North American stock markets were halted shortly after the opening Monday morning when the switches designed to slow panic selling went into action within minutes of opening.

The NYSE, Nasdaq and TSX all strike what is known as a level 1 trading stop just minutes after Monday morning’s opening. This interruption automatically suspends all trading on the market for 15 minutes after a drop of more than seven percent.

A level 2 shutdown is automatically imposed after a 13% drop for another 15 minutes. If the decline reaches 20%, a level 3 stop comes to close the negotiations for the rest of the day.

The TSX has lost more than 1,400 points, or 8%, within minutes of opening, so the Canadian index switch has been activated. When it was reopened, it dropped by 1,600 points at some point, or more than 10%. It has been the worst day for TSX since 1987.

Trade interruptions were lifted 15 minutes after implementation and sales continued in both the United States and Canada, although not enough to implement a level 2 shutdown.

“This is basically panic selling,” said Peter Cardillo, chief market economist at Spartan Capital in New York. “There is a lot of fear in the market and … it is an indication that a global recession is not far away.”

The so-called “fear index” of Wall Street, known as VIX, which increases during periods of volatility, jumped by 14 points to 56.61. This is the highest level since 2009, during the financial crisis.

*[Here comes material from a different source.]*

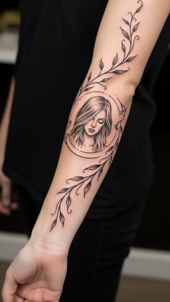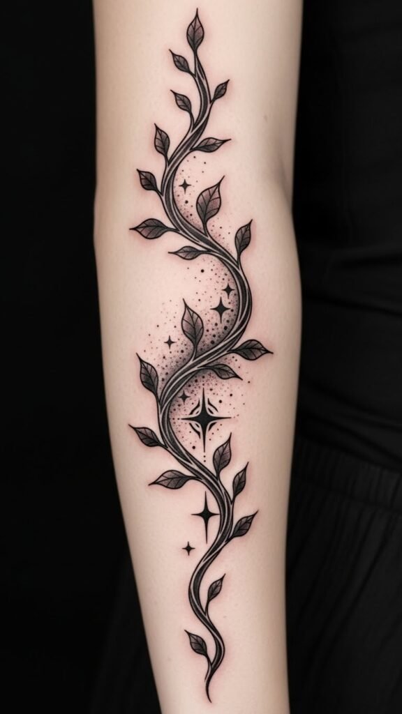 This design concept places a graceful vine along the forearm, starting near the wrist and spiraling gently toward the inner elbow, with thin tendrils, small leaves, and occasional tiny blossoms to convey growth and renewal; the symbolism emphasizes resilience, freedom, and personal evolution, evoking calm determination and hope, and the placement allows the vine to wrap naturally with the arm’s contours so each movement reveals a different aspect of the visual narrative, making it both intimate and visible depending on sleeve or posture.

The panic began on Sunday evening after Saudi Arabia kicked off a total price war in the oil market, announcing that it would remove any production limits. That move pushed the price of crude oil to crumble over 25% and overcame the fears that existed about the coronavirus that is spreading all over the world.

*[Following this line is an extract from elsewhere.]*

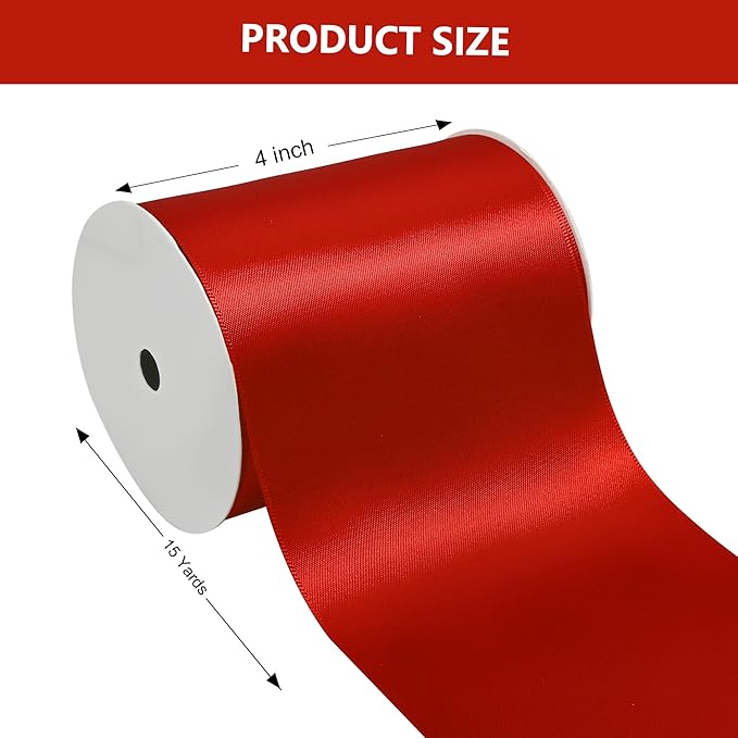 Red Satin Ribbon 4 Inch X 15 Yards Solid Color Double Faced Ribbons Perfect for Crafts Wedding Decor Bow Making Arts Sewing and More
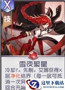 技能三:冷却7。先制。艾娜获得X层净化结界( 每一层可抵消一次异常状态)。我方回合开始时,如果艾娜有净化结界,抽一张牌。

Canadian energy companies have sold hard. Suncor has lost over 25% of its value. At some point Cenovus was almost half.

Flight for safety

Bond yields in the United States and Canada fell to their lowest levels as investors fled for security reasons. Investors flock to things like bonds because they are perceived as safer than other assets, as governments are unlikely to default on their loans.

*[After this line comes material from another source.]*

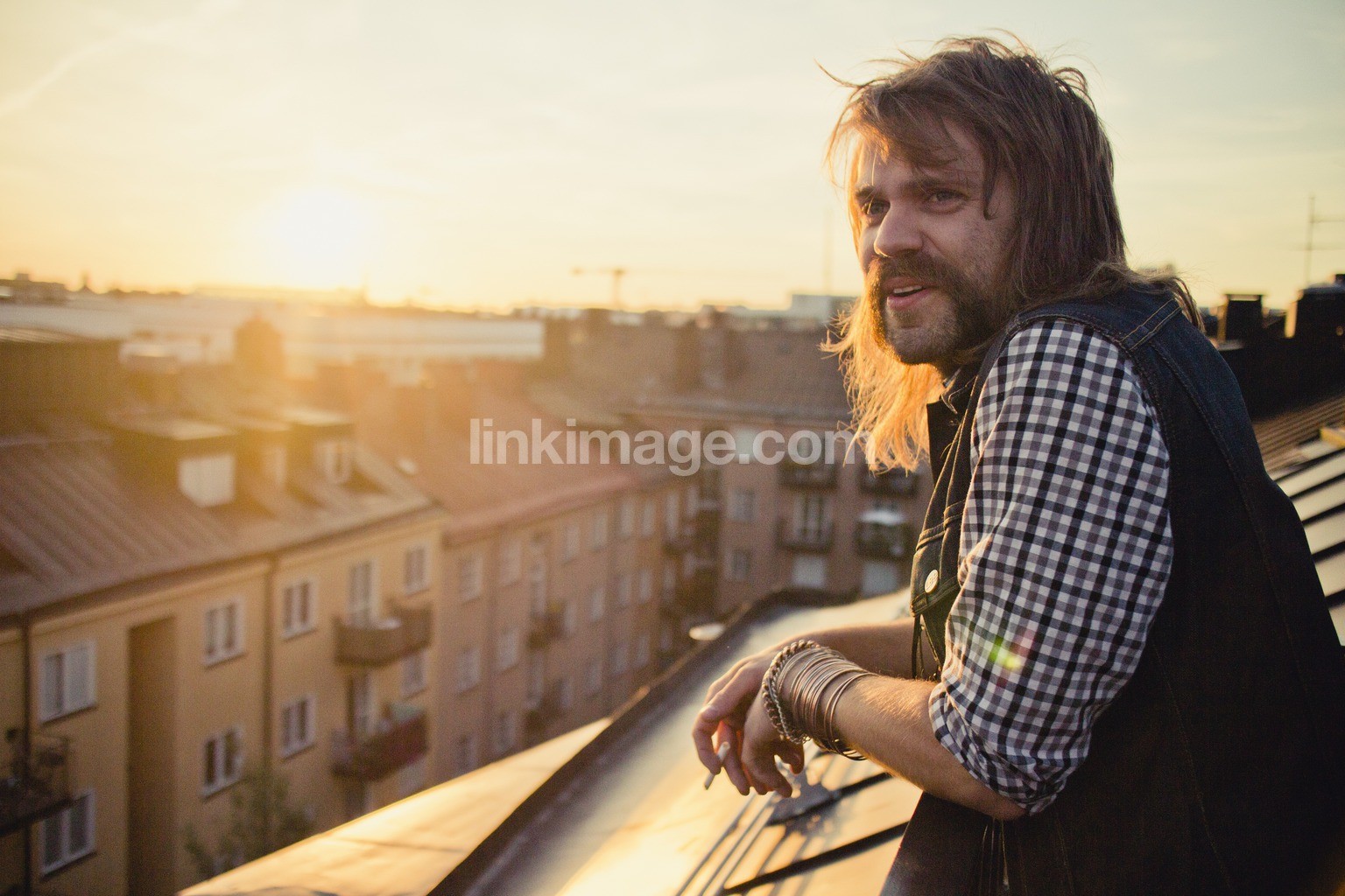 - roof terrace, balcony, summer, view, evening light, sunset, rooftop, a man, guy, 30-40 years, beer, glass, aw, after work, happy, satisfied, rock style, denim vest, fashion style, checked, sky, hair, man, shirt, beard, sun, sunlight, ceiling, terrace

All bond purchases increase their price, which countercurrently reduces their returns, because governments don’t have to offer a great interest rate to find a buyer available for their debt.

At some point on Monday morning, the Canadian government’s 10-year yield fell below 0.3 percent, the lowest level ever recorded. This means that a buyer of that bond is actually willing to lend $ 1,000 to the government for an entire decade and will only get $ 3 a year for their problems. With inflation taken into consideration, they are actually losing money. But they are willing to accept that meager return because it is preferable to other options where they think they will do even worse.

The U.S. decade tells a similar story, dropping to an all-time low of 0.3228 percent at some point on Monday morning

“The lower it gets, the more likely people are to become even more panic,” said Rick Meckler, a partner at Cherry Lane Investments in New Jersey. “The more it goes down, the more nervous people will be about it.”